╭─ Records to process
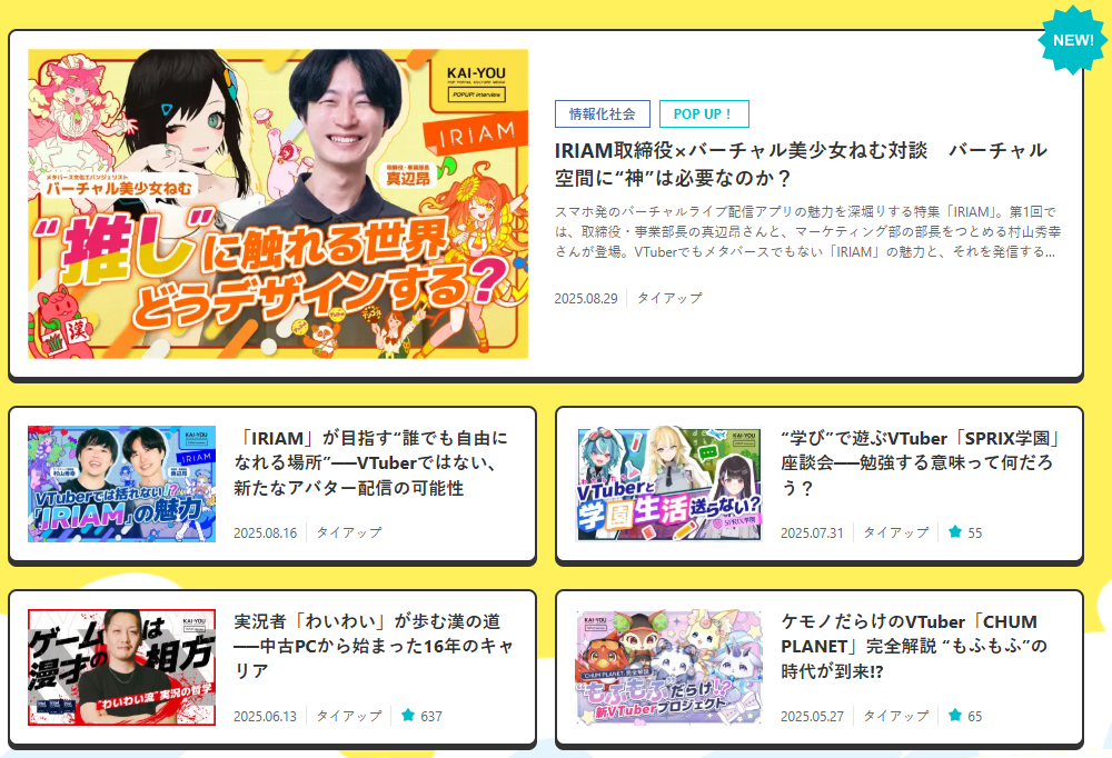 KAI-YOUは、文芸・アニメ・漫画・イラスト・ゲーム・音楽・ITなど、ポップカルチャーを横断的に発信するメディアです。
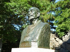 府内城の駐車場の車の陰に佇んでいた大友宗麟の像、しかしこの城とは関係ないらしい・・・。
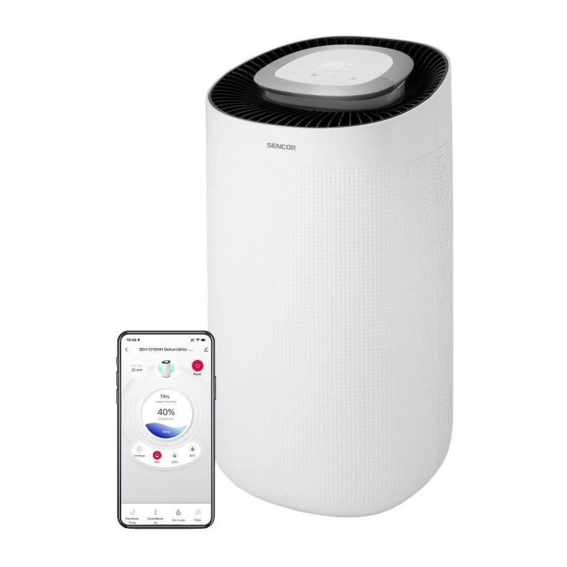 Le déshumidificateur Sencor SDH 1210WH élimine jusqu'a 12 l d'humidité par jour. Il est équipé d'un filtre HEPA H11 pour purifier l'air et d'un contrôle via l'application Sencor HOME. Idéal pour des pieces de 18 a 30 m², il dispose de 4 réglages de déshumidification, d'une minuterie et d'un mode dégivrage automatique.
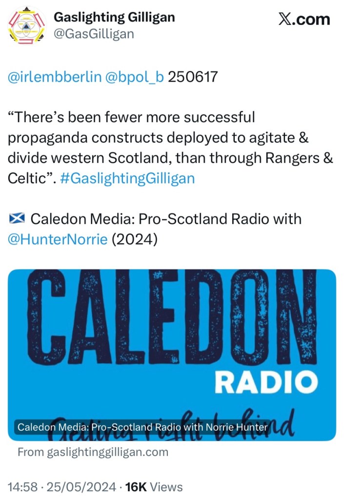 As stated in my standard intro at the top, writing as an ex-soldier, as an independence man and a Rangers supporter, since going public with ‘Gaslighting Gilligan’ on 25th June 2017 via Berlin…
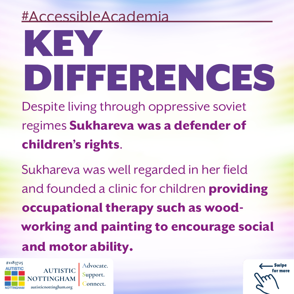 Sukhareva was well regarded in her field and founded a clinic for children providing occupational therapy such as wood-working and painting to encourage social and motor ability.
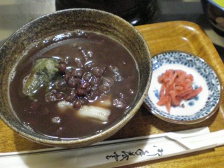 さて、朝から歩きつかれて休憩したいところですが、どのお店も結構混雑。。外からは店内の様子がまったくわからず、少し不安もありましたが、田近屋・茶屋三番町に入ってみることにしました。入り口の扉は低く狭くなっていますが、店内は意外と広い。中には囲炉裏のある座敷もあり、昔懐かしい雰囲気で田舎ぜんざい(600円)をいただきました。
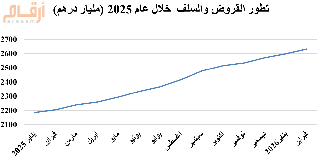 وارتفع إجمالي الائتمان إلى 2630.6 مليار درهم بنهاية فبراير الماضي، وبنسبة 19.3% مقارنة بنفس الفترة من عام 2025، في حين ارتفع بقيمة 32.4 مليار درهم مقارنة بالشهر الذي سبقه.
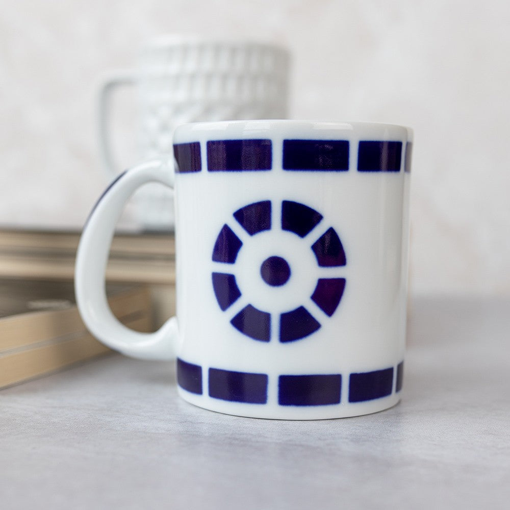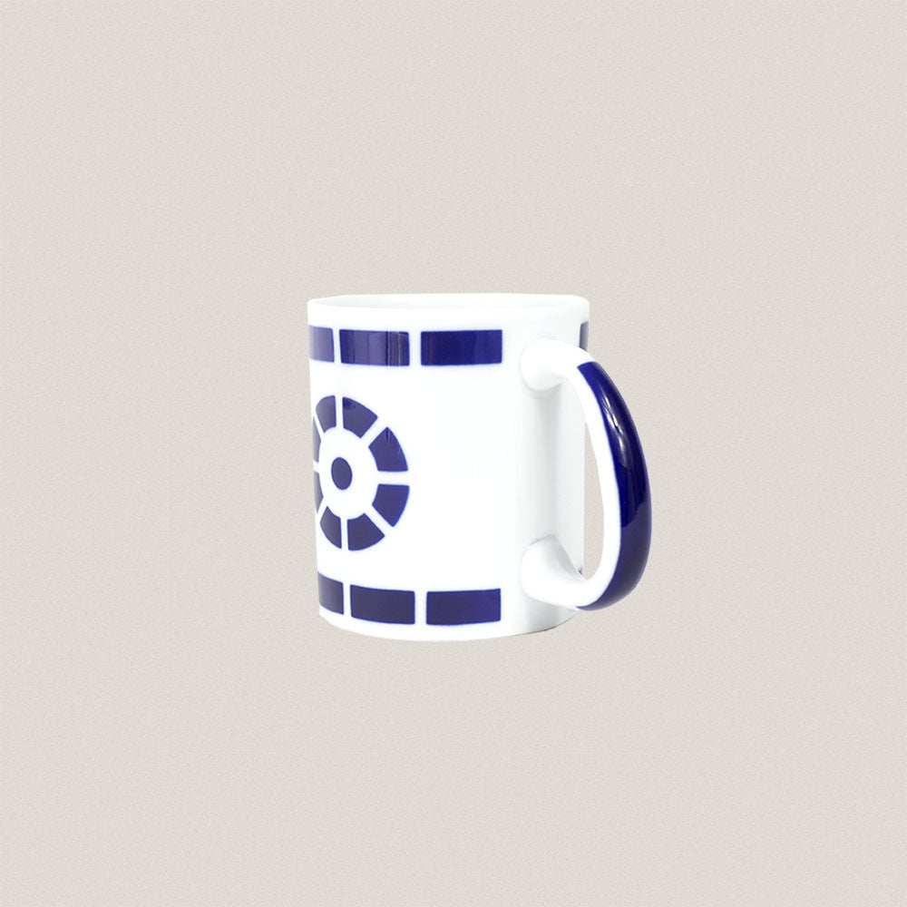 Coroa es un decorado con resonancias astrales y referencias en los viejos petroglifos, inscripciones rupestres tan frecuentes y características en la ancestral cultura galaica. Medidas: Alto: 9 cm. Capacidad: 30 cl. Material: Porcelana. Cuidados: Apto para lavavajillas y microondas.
╰─
→ Exercise objective: The required output is each record above, reproduced exactly, without its pictures.

→ Exercise solution:
 KAI-YOUは、文芸・アニメ・漫画・イラスト・ゲーム・音楽・ITなど、ポップカルチャーを横断的に発信するメディアです。
 府内城の駐車場の車の陰に佇んでいた大友宗麟の像、しかしこの城とは関係ないらしい・・・。
 Le déshumidificateur Sencor SDH 1210WH élimine jusqu'a 12 l d'humidité par jour. Il est équipé d'un filtre HEPA H11 pour purifier l'air et d'un contrôle via l'application Sencor HOME. Idéal pour des pieces de 18 a 30 m², il dispose de 4 réglages de déshumidification, d'une minuterie et d'un mode dégivrage automatique.
 As stated in my standard intro at the top, writing as an ex-soldier, as an independence man and a Rangers supporter, since going public with ‘Gaslighting Gilligan’ on 25th June 2017 via Berlin…
 Sukhareva was well regarded in her field and founded a clinic for children providing occupational therapy such as wood-working and painting to encourage social and motor ability.
 さて、朝から歩きつかれて休憩したいところですが、どのお店も結構混雑。。外からは店内の様子がまったくわからず、少し不安もありましたが、田近屋・茶屋三番町に入ってみることにしました。入り口の扉は低く狭くなっていますが、店内は意外と広い。中には囲炉裏のある座敷もあり、昔懐かしい雰囲気で田舎ぜんざい(600円)をいただきました。
 وارتفع إجمالي الائتمان إلى 2630.6 مليار درهم بنهاية فبراير الماضي، وبنسبة 19.3% مقارنة بنفس الفترة من عام 2025، في حين ارتفع بقيمة 32.4 مليار درهم مقارنة بالشهر الذي سبقه.
 Coroa es un decorado con resonancias astrales y referencias en los viejos petroglifos, inscripciones rupestres tan frecuentes y características en la ancestral cultura galaica. Medidas: Alto: 9 cm. Capacidad: 30 cl. Material: Porcelana. Cuidados: Apto para lavavajillas y microondas.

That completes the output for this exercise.